Ратикова нашли колхозницы, когда и на этом, восточном, берегу реки были уже фашисты. Вначале не надеялись, что Матвей Тимофеевич выживет. Но ведь недаром говорится: «Ослабеет человек — слабей воды, окрепнет — крепче камня». Не скоро поправился, но выжил! Подался в лес к партизанам. А совсем поправился — снова воевал, но теперь уже в тылу у врага. Ведь не было в партизанском крае военной профессии ценнее минёра-подрывника.
Так вот и провоевал Матвей Ратиков — сначала с нашими партизанами, а потом с братьями по оружию — в лесах и горах Югославии и Чехословакии.
— А письма? — спросила Галина Фёдоровна.
— Что письма?
— Почему не писал?
— Почты не было.
— Где не было?
— Там.
— Где там?
— В лесу и в горах, у партизан.
— А…
— Поняла?
— Поняла.
— Ты думаешь, я только с нашими партизанами был?
— А с какими?
— С нашими-то с нашими, но не только с русскими. В нашем отряде югославы были, чехи, ну и русские, конечно.
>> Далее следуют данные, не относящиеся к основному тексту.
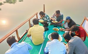 দ্বীপটির প্রাকৃতিক সৌন্দর্য এবং এর মায়ায় আবেগে ভেসে যাওয়ার মতো একটি দিন কাটানোর পর, আমরা ঘোরাঘুরি শেষ করে আবারও সোনার তরীতে ফিরে যাই। সেখান থেকে শুরু হয় আমাদের দুপুরের খাবারের আয়োজন। সবুজ বাংলা এক্সপ্লোরাসের পক্ষ থেকে দুপুরের খাবারের যে ব্যবস্থা করা হয়েছিল, তা সত্যিই প্রশংসনীয়। শীতের দুপুরে নদীর মাঝে এমন খাবারের আয়োজন নিঃসন্দেহে আমাদের মুগ্ধ করেছে। গরম ভাতের সাথে সুস্বাদু হাসের মাংস, ভর্তা এবং ভাজি সবকিছুই যেন আমাদের দিনটিকে আরও আনন্দময় করে তুলেছিল। খাবারের প্রতিটি আইটেমই তাজা ও মনোমুগ্ধকর ছিল, যা প্রমাণ করে যে আয়োজকরা আমাদের আরাম এবং সন্তুষ্টির প্রতি কতটা মনোযোগী। নদীর বুকে এমন পরিবেশে দুপুরের খাবার খাওয়ার অভিজ্ঞতা একেবারেই অনন্য এবং চিরস্মরণীয়।
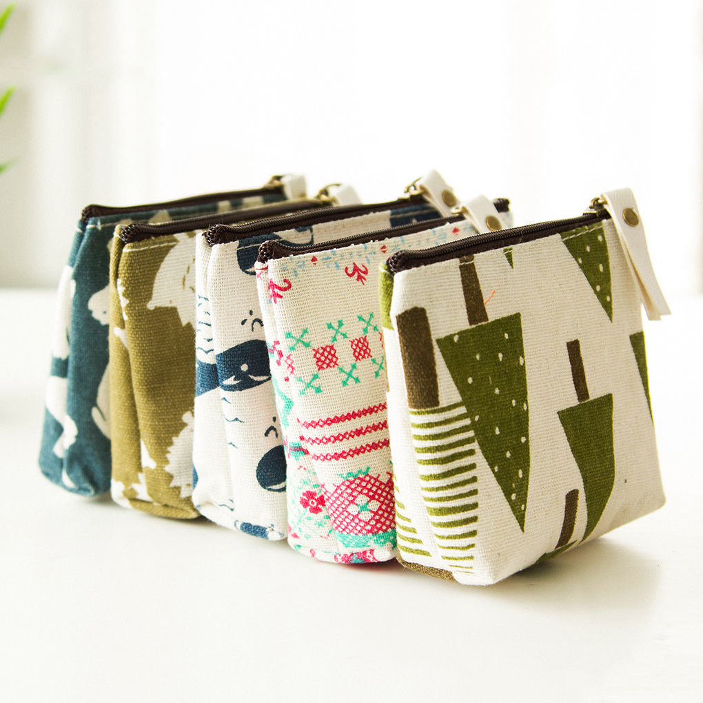 Colorful zippered pouches adorned with artistic patterns of animals and trees, blending practicality with charming elegance.
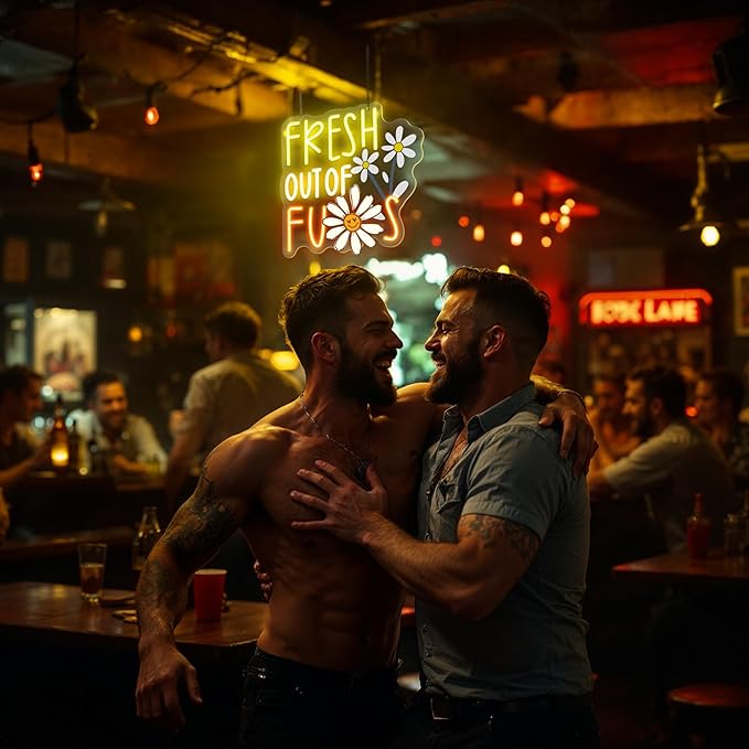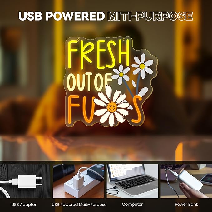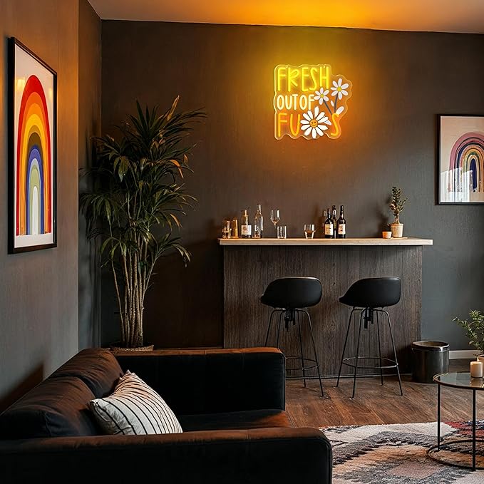 - 【Premium Material】 "FRESH OUT OF FUS" neon light back is made of sturdy and highly transparent acrylic backboard and anti-fall PVC material, the surface adopts the latest LED neon flex technology, the light is soft and uniform, low energy consumption, no risk of overheating or glass damage, long life, safer and brighter than traditional glass neon lights. Handmade to ensure a strong bond.
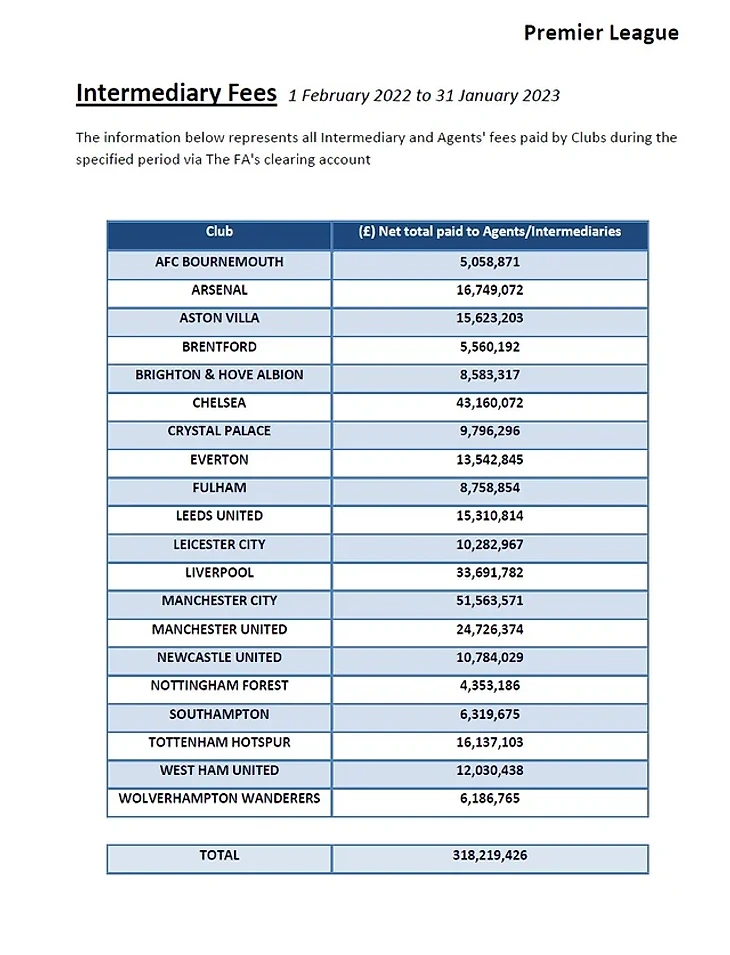 Английская Премьер-лига опубликовала таблицу агентских выплат, которые клубы сделали в период с 1 февраля 2022 года по 31 января 2023 года. Получается, что в эти подсчеты вошло летнее трансферное окно прошлого года и зимнее трансферное окно нынешнего года или просто трансферные окна сезона−2022/2023.
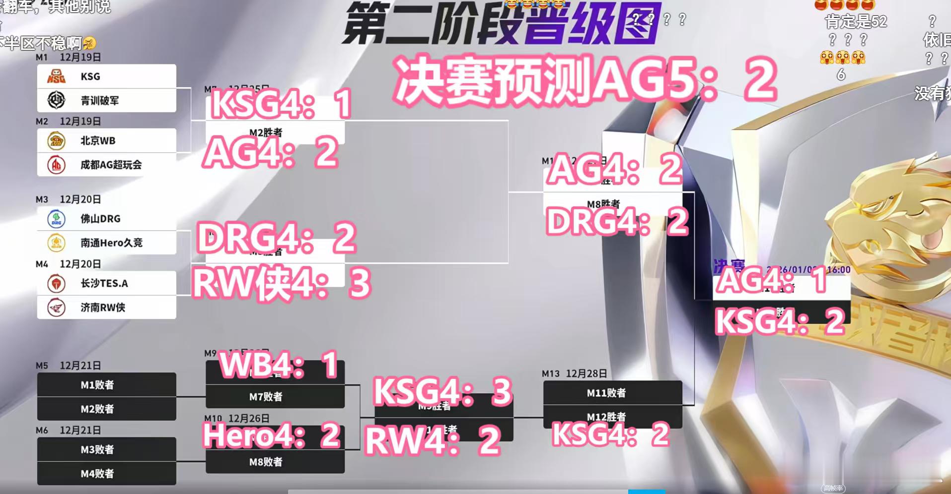 第二轮预测汇总(更新中)图1 瓶子(总决赛 AG vs WB)图2 北笙(总决赛 AG vs KSG) 图3 时间(总决赛 AG vs KSG ) 图4 白衣(总决赛 AG vs KSG )
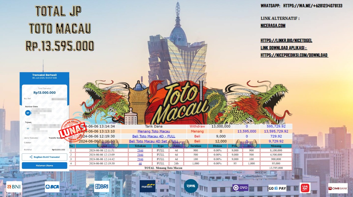 Selamat kepada User id : yanu** Telah berhasil mendapatkan kemenangan besar pada permainan TOGEL TOTO MACAU Dengan kemenangan Sebesar Rp.13.595.000,- Setelah mengisi formulir withdraw dengan kurung waktu hanya 5 – 10 menit pihak NICETOGEL sudah melakukan transfer kepada pemilik Userid dan dana sudah dapat di cairkan oleh pemenang. Bukti pembayaran yang kami berikan merupakan bukti pembayaran yang SAH / VALID yang langung di dapatkan melaui tanda transfer transaksi dari Bank yang di tuju.
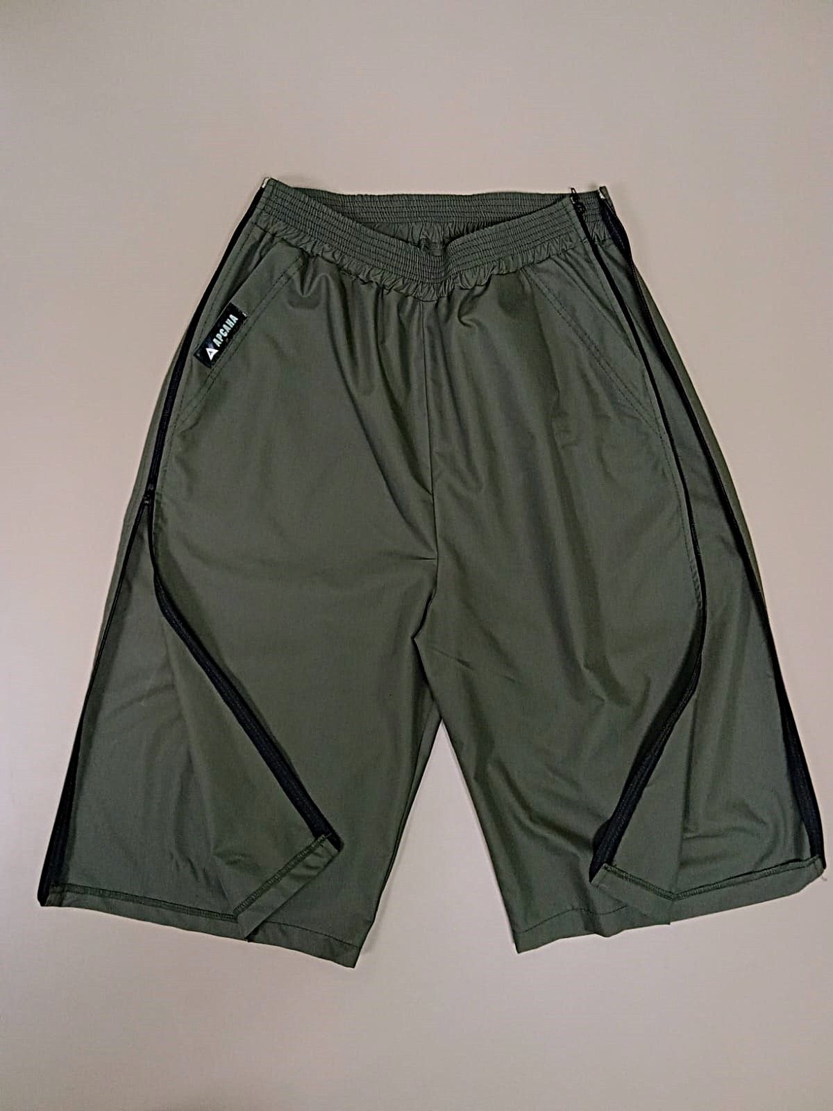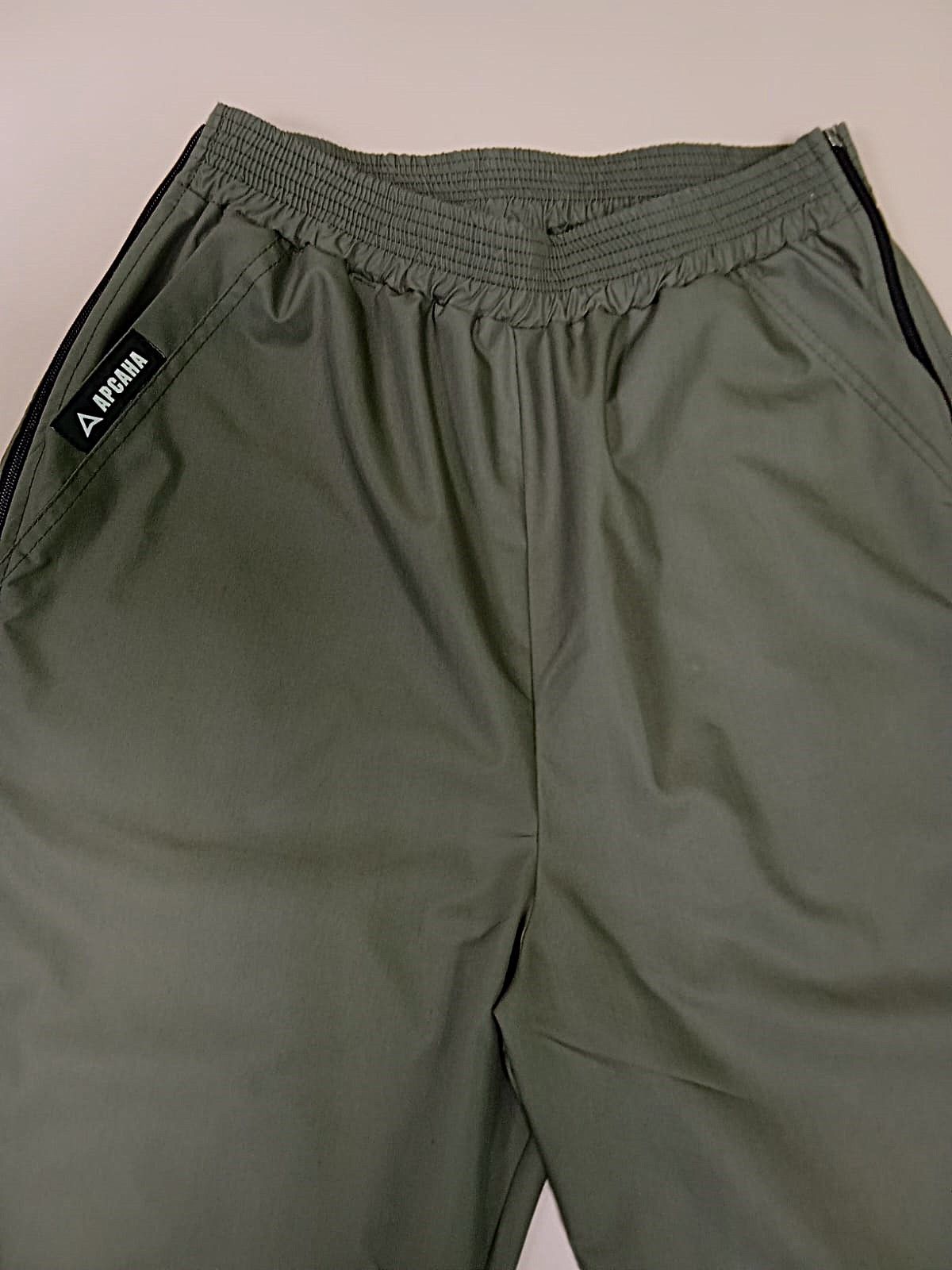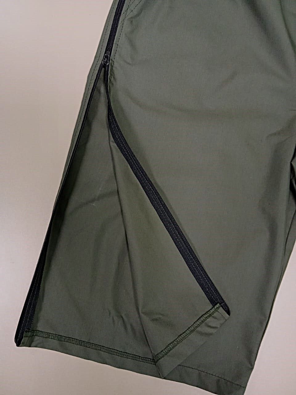 Отличительной особенностью является наличие 2 молний по бокам по всей длине штанины. Расстегиваются снизу вверх. Имеют комфортную посадку, прорезные карманы сбоку, пояс на эластичной резинке, который регулируется шнурком.
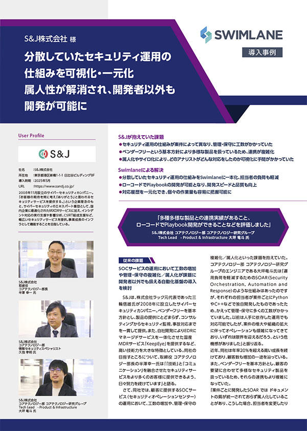 - 分散していたセキュリティ運用の仕組みをSwimlaneに一本化、担当者の負荷も軽減
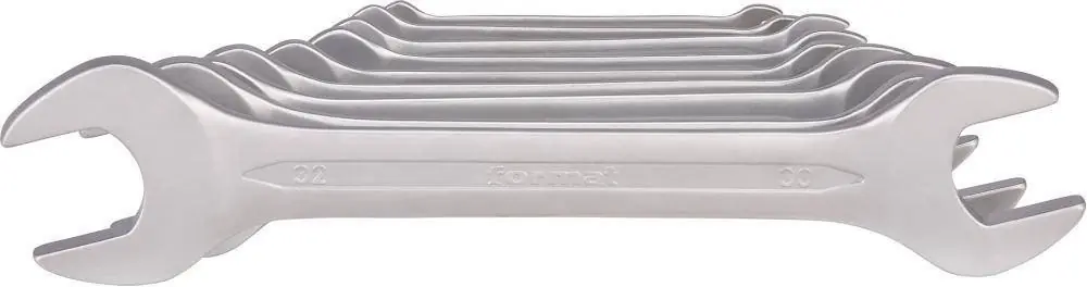 ZESTAW KLUCZY PŁASKICH DWUSTRONNYCH 12szt. FORMATKlucze płaskie dwustronne DIN3110 12-cz, FORMATZawartość zestawu: 6 x 7, 8 x 9, 10 x 11, 12 x 13, 14 x 15, 16 x 17, 18 x 19, 20 x 22, 21 x 23, 24 x 27, 25 x 28, 30 x 32 mmWykonanie: DIN 3110, ISO 3318. Ze stali chromowo-wanadowej, odkuwany, chromowany matowo, odchylenie osi szczęk 15°, z płaskimi główkami i chwytną, owalną rękojeścią. Dostawa w kartonie.

Но друзей наших иностранных больше было. Они в тех лесистых горах всякую тропочку знали.
— Поседел ты, Матвей!.. Милый ты мой, родимый, единственный… — Она прижалась к гимнастёрке, пахнущей мылом, и чувствовала, как леденеют руки…
Матвей Тимофеевич переобувался, когда увидел, как в узкий переулок, громыхая гусеницами, вошла артбатарея.
Он удивился этому так же, как Володя, и тут же выбежал за ворота. Только успел снять сапоги и надеть те самые комнатные туфли, которые вынимала из тумбочки Ната. И вот теперь он стоял на тротуаре и смотрел, как торжественным маршем проходила славная гвардейская артбатарея мимо его сына Володи.
На гимнастёрке старшины Ратикова были боевые медали и золотые полоски — память о тех мгновениях, когда он смотрел смерти в глаза. Теперь он видел, как командир прославленной батареи обнял Володю, а бойцы стояли перед его сыном, отдавая ему честь.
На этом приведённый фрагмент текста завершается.